Others also spoke. Some of the women wept. But the priest said nothing more. He turned and walked toward the wall. How could Eugène-Olivier not have seen the crucifix he was wearing right away? He now realized that the chest-high platform covered with a white cloth was the altar. The priest knelt. Silence fell. All that could be heard was the rustling of the pages of small books with many ribbons marking pages.

Eugène-Olivier welcomed the silence, which let him collect his thoughts. Where did the priest come from? If there was a priest, there must be a bishop; and if there was a bishop, there should also be a Pope. But there had been no Pope for some time. The last one had renounced the Throne of St. Peter back in 2031. The Vatican itself had been leveled to the ground a long time ago and was now used as a garbage dump for the entire city of Rome.

The little boy was still playing with his beads. How could Eugène-Olivier have not seen the small cross among them?

Now everything seemed different. The small images on the walls represented moments on Christ’s path to the Cross. Also hanging from the wall was a silver icon lamp that had not been used today. The altar was set apart by a symbolic barrier—two rope-lines, one in front of the other.

And how impressive, when one looked at it closely, was the cap on the priest’s head! Such caps were not even worn in the middle of the last century by the Lefebvrists, judging from the photos. It was a small, black cap, square in shape, with four corners and a tassel of soft wool.

The priest periodically removed the cap, pressed it to his breast, bowed his head, then put the cap on again.

During the silence of prayer, the muffled sobbing slowly faded. Then there was a whispering silence. The people were all doing things—reading from their books, murmuring prayers, making the sign of the cross, kissing small cards they pulled from their pockets—all except Eugène-Olivier. Finally, the priest arose.

“He really liked to carve wood,” Jeanne remarked aloud, addressing no one in particular. “He made everything they had on the farm himself—the doors and the furniture.”

“The hardest part was getting the wood,” said the long-haired old man with a smile. “Furniture factories today use wood right from the tree, before it has a chance to dry. That’s why it cracks. Simoulin bought barrels that were not fit for apple juice. Then he’d straighten the boards in water and let them dry. He said his work would last more than a hundred years. It was a whole philosophy. He would say that trees did not die when they were cut down if they were used to make something—but lived a new life, like man after his physical death.”

“And how he hated varnish!” added another man, also well on in years. “I remember he used to say ‘Wood needs to breathe! Imagine if I painted you with a coat of varnish. In a week I would have to bury you!’”

Everyone fell silent.

The priest announced, “I have forbidden Jacques le Difarre and young Thomas Bordelaise to even try to reach the place where he was stoned. One victim today is more than enough.”

“You were right, Father. The last attempt was unsuccessful, and we lost three more.”
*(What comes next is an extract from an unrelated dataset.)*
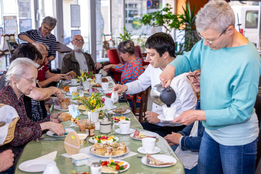 Zum monatlichen Markthallen-Frühstück ist am 16. April 2025 Patrick Puhlmann der Einladung der Freiwilligen-Agentur Altmark gefolgt. Dabei kam der Landrat nicht mit leeren Händen, sondern hatte Kaffee und Kuchen mitgebracht. Etwa ein Dutzend Interessierte saßen am gedeckten Tisch, an dem Puhlmann zunächst etwas zum Format dieses Frühstücks erfuhr.

People began to disperse. Before leaving, groups of them knelt before the priest, as in old times. He would hold up his hand, make the sign of the Cross in the air and say:

“Benedicat vos omnipotens Deus, in nomine Patris, et Filii, et Spiritus Sancti.”

Latin! Eugène-Olivier had studied Latin with his Grandfather Patrice, but he’d never finished his studies.

“Who are these people?” whispered Eugène-Olivier.

“You’ve never met them before? They let us use their shelters. Sometimes they hide with us, too. But they don’t fight the Saracens, they just keep the liturgy. They don’t want to fight. They believe that the Crusades can’t be repeated, and that there can be no more good on Earth. Until Judgment Day, they simply want the Mass to continue to exist as long as there are even a few Christians. There are three parishes in Paris. Christians began in the catacombs, and now they are going back to the catacombs.”

“But where do they live?”

“In the ghettos.”

Eugène-Olivier was startled. He often went to each of the five large ghettos of Paris where the defeated French lived who refused to convert to Islam. Their life behind barbed wire was miserable and hopeless, with horrible poverty and misery. There were daily deaths at the hands of policemen—who considered “infidels” equal to dogs. But the ghetto residents took great pleasure in spitting at the cries of the muezzin while sitting in a street cafe, knowing that the collaborationists in their luxurious houses on the other side of the barbed wire were fearfully on their way to a mosque to bow on their faces toward a rock thousands of miles away, with their rear ends in the air.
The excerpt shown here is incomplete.